Even that scriptural assurance is however not Paul’s final word in these matters. His last word is a prayer:

“Now the God of hope fill you with all joy and peace in believing, that ye may abound in hope, in the power of the Holy Spirit” (Rom. 15:13). The God Who speaks to us through Biblical history and witness, speaks to us also directly through our own experience as well; and by His quickening presence within us, reawakens and sustains hope and faith within our own hearts. The result becomes what our contemporary lingo would call a spiritual economy of abundance.

There are two distinctive marks of such religious hope, which distinguish it from the hopefulness that is characteristic of youth, or of an optimistic temperament. One mark is that religious hope does not depend upon, and refuses to be judged by, the outcome of the event or the situation. Failure or sorrow cannot by themselves discount it, any more than success or happiness can confirm it. More important than any outcome is the wisdom and the purpose of God, on which we build our hope, re­gardless of the event. In that will is not only our peace, as Dante said—but our hope.

The other mark of religious hope is that it lives and moves on a two-way street. Like international trade, spiritual fellowship has to travel both ways —else it speedily ceases to move at all. While some American liberals were questioning whether Martin Niemoeller had taken his final anti-Nazi position soon enough or sharply enough, thousands of American Christians were being stirred by his straight-forward confession of a shared sense of guilt and repentance and forgiveness through Christ, to an awakened conviction of their own need, and of our American churches’ need, of repentance and forgiveness—and thus to a deepened sense of ecumenical Christian fellowship. Those who have worked in the post-war youth camps of the Low Countries tell us that the gulfs between racial and religious groups are there so deep and wide, that the “mutual understanding” in which we Americans put so much social faith is not there enough: only where there is some religious sense of forgiveness and of being forgiven, does any bridge toward better human relations become possible. Our hope in God becomes then our firmest basis for hope in man—and in our human future.

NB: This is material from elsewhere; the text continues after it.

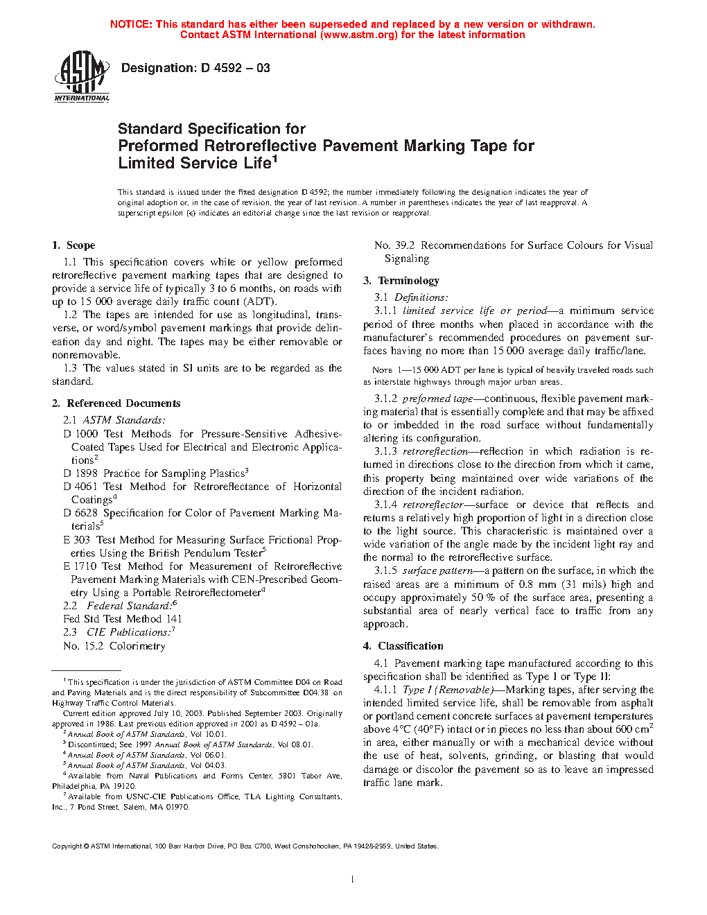 1.1 This specification covers white or yellow preformed retroreflective pavement marking tapes that are designed to provide a service life of typically three to six months, depending on wear and durability factors.

Charles W. Gilkey (1882–1968) earned his bachelor’s and master’s from Harvard in 1903 and 1904, followed by a doctorate from Union Theological Seminary in 1908 and further studies at Universities of Berlin and Marburg (1908–09), United Free DH College Glasgow (1909–10), New College Edinburgh, and Oxford University (1909–10). He also received honorary doctorates from Williams College (1925), Hillsdale College (1925), Yale University (1927), Brown University (1928), Harvard University (1929). and Colby College (1931). In 1910 the Hyde Park Baptist Church ordained Gilkey as their pastor and he remained there for 18 years. Gilkey acted as a trustee of the University of Chicago from 1919–29. In 1928 he accepted the position of dean of the university’s Rockefeller Memorial Chapel, which he would hold until 1947. He also served as the associate dean of the Divinity School and represented the University in the position of the professor of preaching of the University of Chicago Divinity School at Princeton, Yale, Cornell, Chicago, Toronto, Wellesley, Stanford, Purdue, Harvard, Wellesley, and the University of Washington. The University of Chicago also appointed Gilkey as the Barrows Lecturer to India (1924–25). He retired in June 1947.